My employer wants to upgrade the electrical service at one of his facilities, located immediately north of Toronto, from 1000 KVA to 3000 KVA. The new outdoor transformer cost of about $70,000 is to be paid by my employer, though ownership of the transformer remains with the utility. The utility, in turn, insures the transformer, maintains it and guarantees a 6 hour replacement time should the transformer fail. A credit would be issued for the salvage of the old transformer. Should we choose to buy our own transformer, we would be responsible for its care and failure contigency as well the extra cost of HV primary switch gear.
Regardless whether a privately owned or utility owned transformer is used, an "upstream charge" of $135,000 is to be levied.
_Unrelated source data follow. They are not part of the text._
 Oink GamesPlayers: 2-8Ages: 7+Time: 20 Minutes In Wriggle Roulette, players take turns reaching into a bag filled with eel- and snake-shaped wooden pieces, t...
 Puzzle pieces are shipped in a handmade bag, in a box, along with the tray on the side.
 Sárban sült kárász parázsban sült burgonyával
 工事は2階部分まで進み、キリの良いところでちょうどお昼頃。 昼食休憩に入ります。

According to the utility's planning engineer, this charge, prorated by the size of the upgraded service, is to offset costs to the utility's distribution infrastructure in the future. The primary feed supplying the existing transformer is large enough to accomodate the new, larger transformer, so this charge is not for immediate upgrades necessary for the service upgrade we desire.
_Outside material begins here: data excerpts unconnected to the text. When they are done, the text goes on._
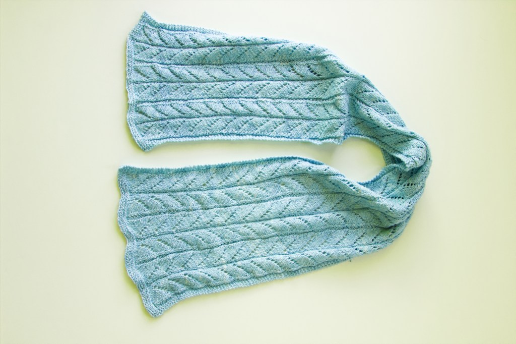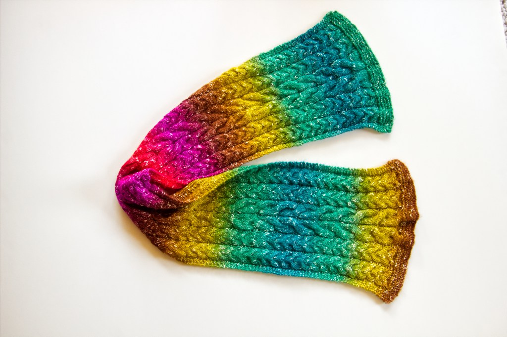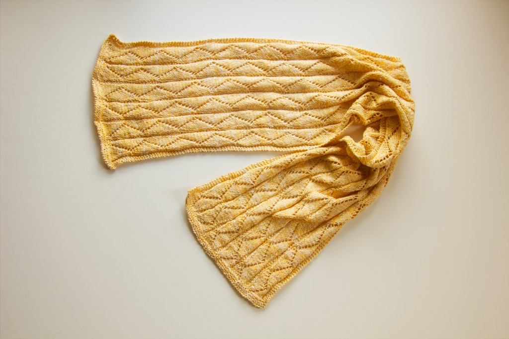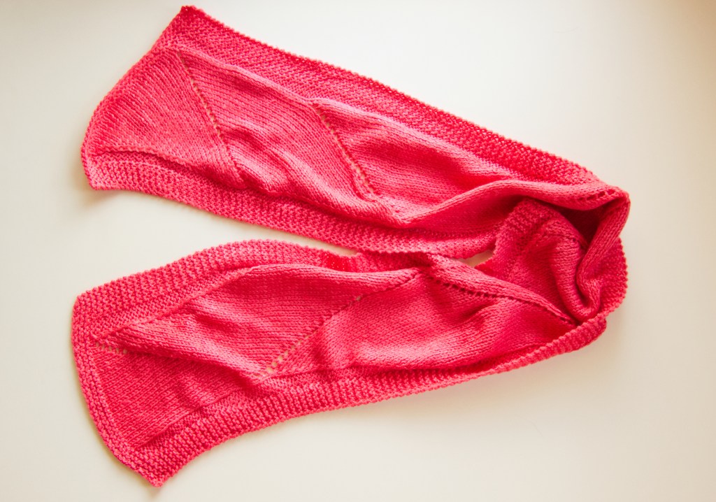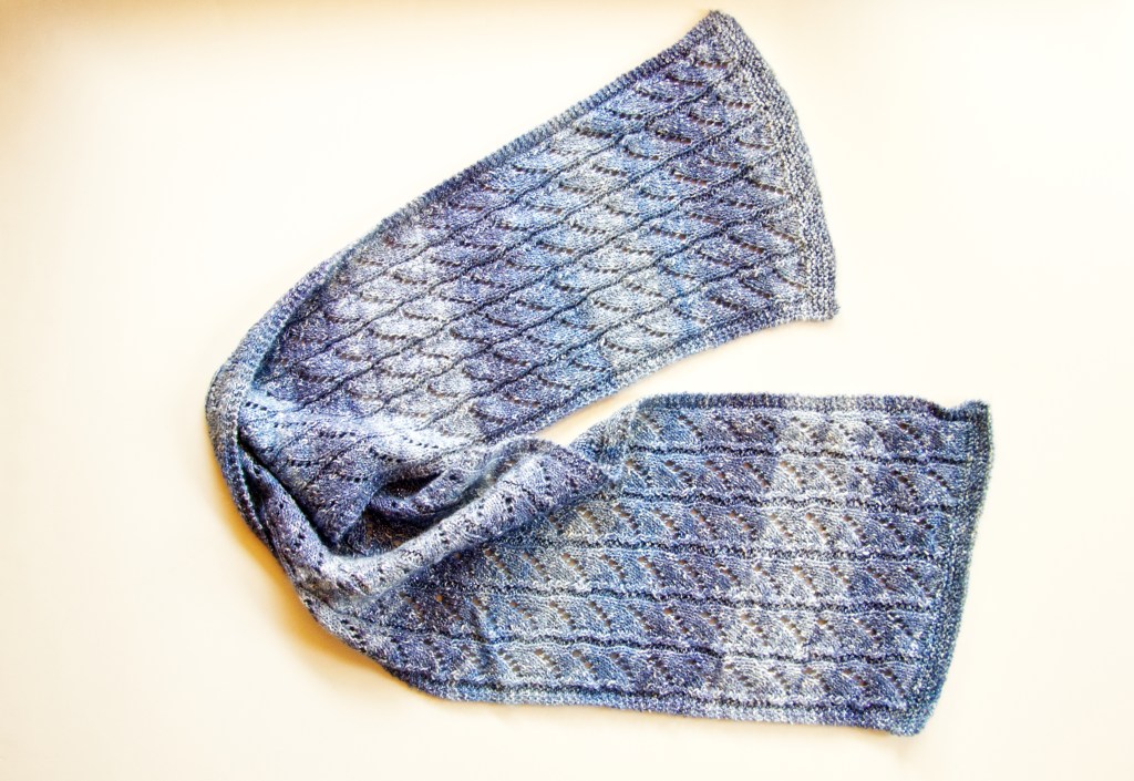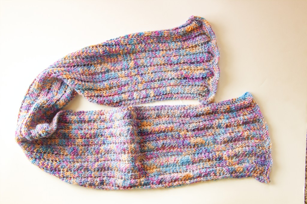 I need to get more scarves into my store. The scarves were finished, they just needed to be photographed and listed. I’ve got some hand dyed pieces. I knit up a blank using white cotton. Then I dye the piece. Next, I unravel the yarn and knit up the final piece. The dye doesn’t take evenly on a knitted blank, so the result is a marled color.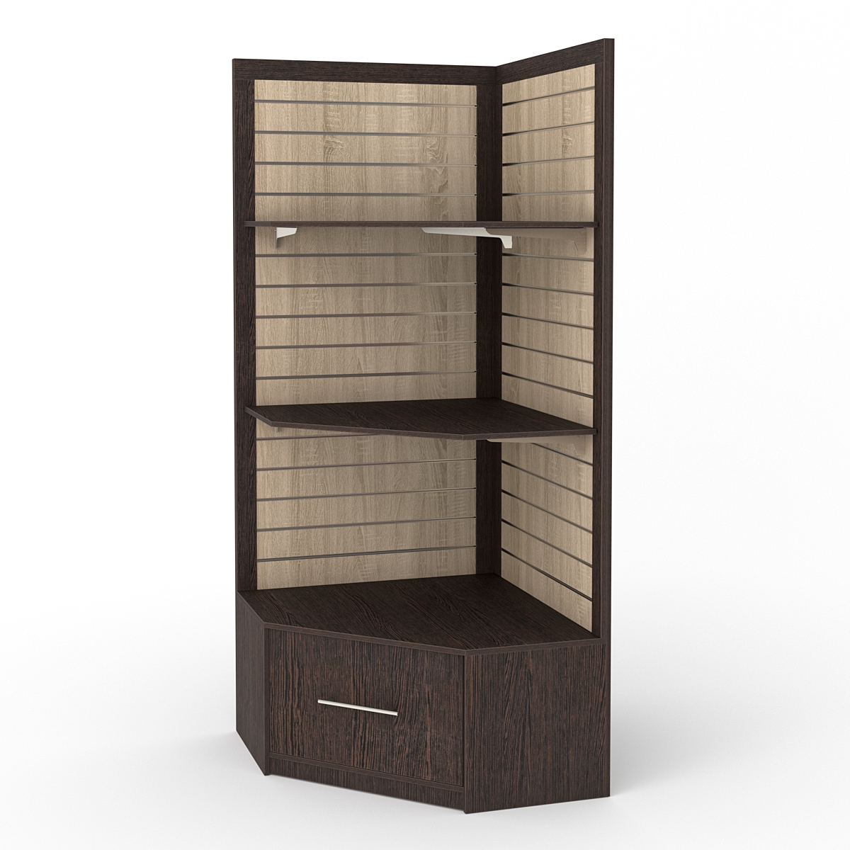 Конструкция выполнена из ДСП. Угловой стеллаж с двумя экономпанелями. В основании находится открытая пятиугольная тумба без дна.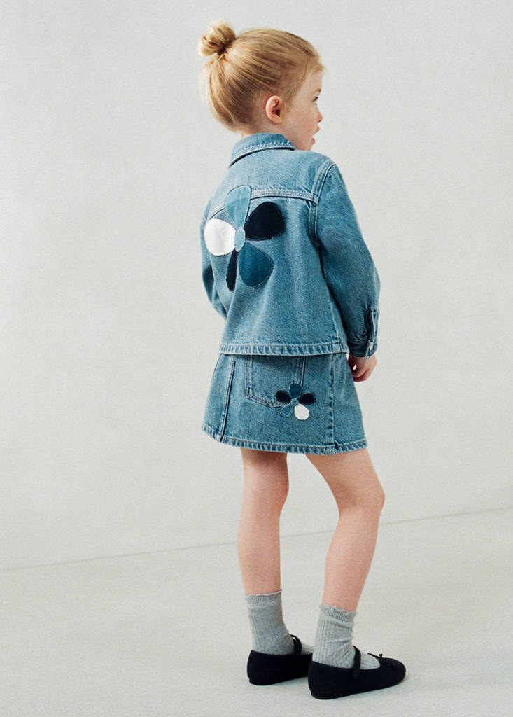 Confeccionada en tejido 100% algodón estilo tejano vaquero, esta prenda presenta un diseño recto y corto. Incluye cintura elástica, trabillas para cinturón, dos bolsillos delanteros y dos traseros. Detalle bordado de flor

Other charges include metering, decommissioning the old service and re-routing of the existing underground HV feed. All this at premium labour rates, as the work can only be done on weekends. Of course, the cost of the new LV switchgear and tying into the facilities distribution wiring is extra as is the cost of the transformer pad and incidental civil work.
At just over $400,000, all in (transformer, upstream charge, LV switchgear, et.al.), a strong incentive is created to delay or relocate the planned expansion in production that's driving this upgrade.
Anyone experience similar seemingly high industrial service upgrade costs?